Schneller als gedacht waren wir schon wieder in der Pause. So langsam lerne ich Sie, liebes Publikum, kennen, einige Namen kann ich schon. Da ich meistens den Einlass mache, kann ich mir die Gesichter gut merken. Und ich freue mich immer über jeden, der mir die Hand gibt oder ein kurzes Gespräch führt, wenn die Schlange es zulässt. Man steht da doch ganz schön lange.
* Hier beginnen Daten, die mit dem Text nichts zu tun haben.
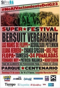 Como parte del plan de lucha, el domingo 31 de enero realizaremos un festival en Parque Centenario, con la presencia de importantes artistas de rock y folklore (Bersuit, Vergarabat, Liliana Herrero, Chango Spasiuk, Cristian Aldana y Las Manos de Filippi, entre otras bandas), para seguir difundiendo nuestra lucha y reuniendo recursos para el Fondo de Lucha que es, hoy, el único sustento que tienen los compañeros que no cobran desde noviembre.
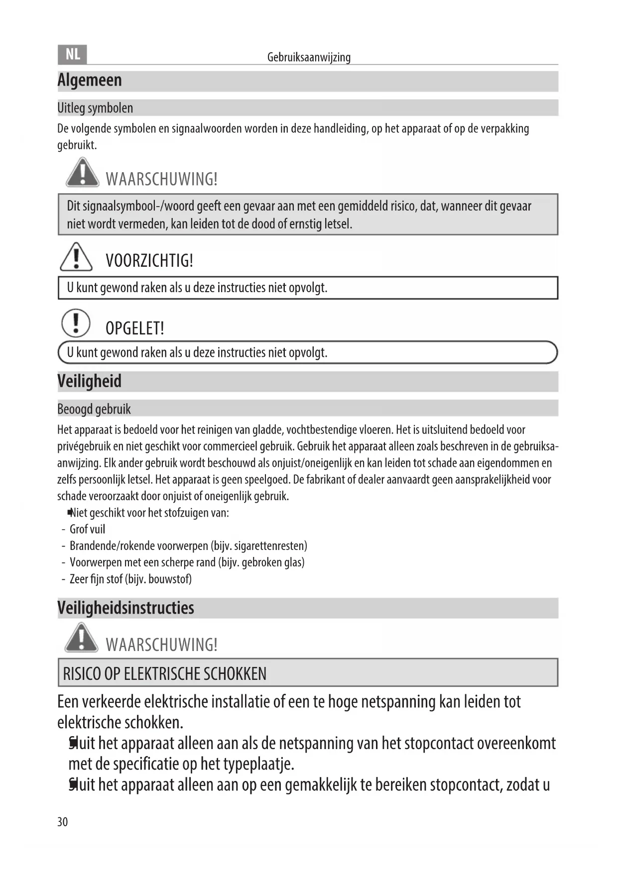 Sluit het apparaat alleen aan op een gemakkelijk te bereiken stopcontact, zodat u U kunt gewond raken als u deze instructies niet opvolgt. OPGELET! WAARSCHUWING! Dit signaalsymbool-/woord geeft een gevaar aan met een gemiddeld risico, dat, wanneer dit gevaar niet wordt vermeden, kan leiden tot de dood of ernstig letsel. VOORZICHTIG! U kunt gewond raken als u deze instructies niet opvolgt.31 Gebruiksaanwijzing
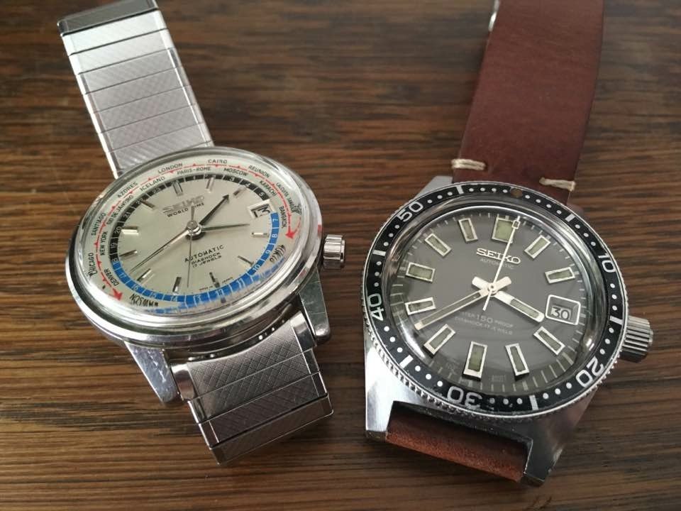 Eigenlijk meer terugkopen voor die prijs en ook wel in die staat: mijn beide 6217 Seiko’s. De World Timer als full set en op originele band.
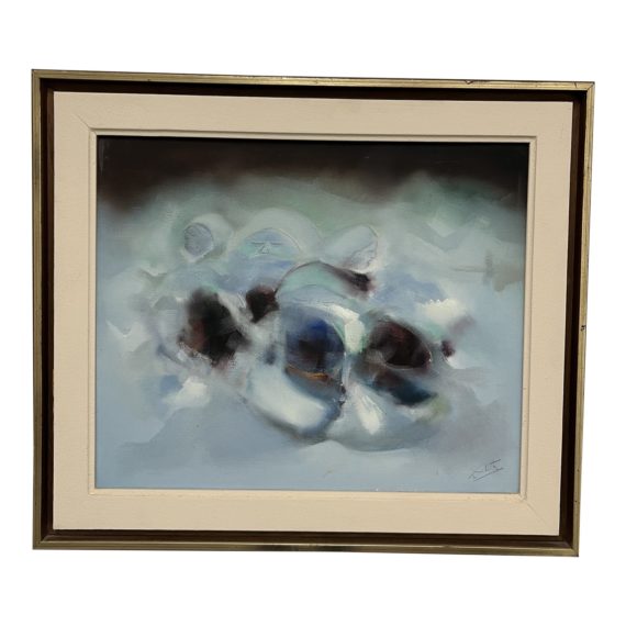 Design Plus Gallery presents a 1990’s Abstract Blue Signed + Framed Original Peruvian Artwork. This art depicts a mix of predominantly blue color combined abstractly and left for viewer’s interpretation. Some facial expressions are blended in near the top center. Artist signature is on the bottom right. The art is single-matted and framed in wood. A hanging cord’s attached in the back. Minor wear from age and use; art is in good condition. Originally purchased in Peru.
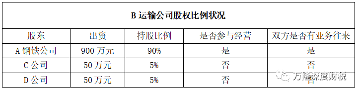 A公司为钢铁生产企业,B公司系船运企业是A公司的控股子公司,主要业务是为A公司运输煤炭及钢铁,AB公司一体化经营,B公司注册资本为1000万元,A股东实缴金额900万元占90%股份,实际经营B公司,C股东出资50万元占股5%,D股东出资50万元占股5%,均不参与B公司经营亦与B公司无往来,各股东均实缴到位,股权比例如下表:

Nach der Pause wurden mehrere Stücke ohne Namen geboten. „Kennste eins, kennste alle“, dachte ich kurz. Doch dann findet sich in jedem Stück etwas neues, sei es ein Solo, eine neue Spieltechnik oder eine neue Bewegung. David Orlowsky dirigierte ein wenig mit seinen Füßen mit, sein Stampfen setzte Impulse in der Musik. Aus seiner Klarinette holte er alles raus, er konnte sowohl den schönen Ton als auch Kreischen, Schnarren und Quietschen. Auch Gitarrist Jens-Uwe Popp benutzte sein Instrument auch als Perkussionsgegenstand.
Dann waren wir am Ziel unserer musikalischen Reise angekommen: Paris, der Stadt der Liebe. Zumindest für Japaner, Müllberge und soziale Unruhen in den Banlieues werden gerne mal wegromantisiert. Doch auch unser Trio hat sich verliebt und zwar in eine elegante Katze, die sie aber nicht erhörte. Das Lied war voll Schmerz und Trauer, die Klarinette klagte der Verflossenen nach und imitierte ihre aufrechte Haltung und ihren Stolz. Wenn die drei eins können, dann Stimmungsbilder erzeugen. So auch beim nächsten Lied: Mit einem Hyperraumsprung überquerten wir Rhein, Ruhr und Spree und landeten wieder im Osten, im Taxi. Und zwar bei einem dieser Taxifahrer, den wir alle nach einem feucht-fröhlichen Abend kennen. Unterhält sich die ganze Zeit, schaut nicht auf die Straße und Geschwindigkeitsbegrenzungen sind auch nur Vorschläge. Nur bei einer roten Ampel konnten sie kurz verschnaufen. Auch das wurde perfekt auskomponiert, plötzlich kehrte in hektisches Spiel immer wieder Ruhe ein. Atempausen.
Das Publikum im ausverkauften Saal war begeistert: Standing Ovations und Bravo-Rufe. Goutiert wurde dies mit zwei Zugaben, eine davon war ein „Experiment“, also ein unfertiges Stück. Überblasen hat er meines Wissens nach nur ein Mal. Auf verschlungenen Pfaden wegen einer Sperrung fuhren wir alle sehr zufrieden nach Hause und waren sogar erstaunlich früh da, um mitzubekommen, wie die Welt immer verrückter wird, wenn man in die Türkei blickt.
Heute Abend geht es wieder mit Klassik in Ditzum weiter, doch die Beethoven-Konzerte sind bereits restlos ausverkauft. Ans Herz legen möchte ich an dieser Stelle unser Konzert in Norden mit dem Vokalensemble Singer Pur und Anneke Brose, da Gesang und Orgel dabei sind. Das gibt es dieses Jahr wahrlich nicht allzu oft bei den Gezeitenkonzerten.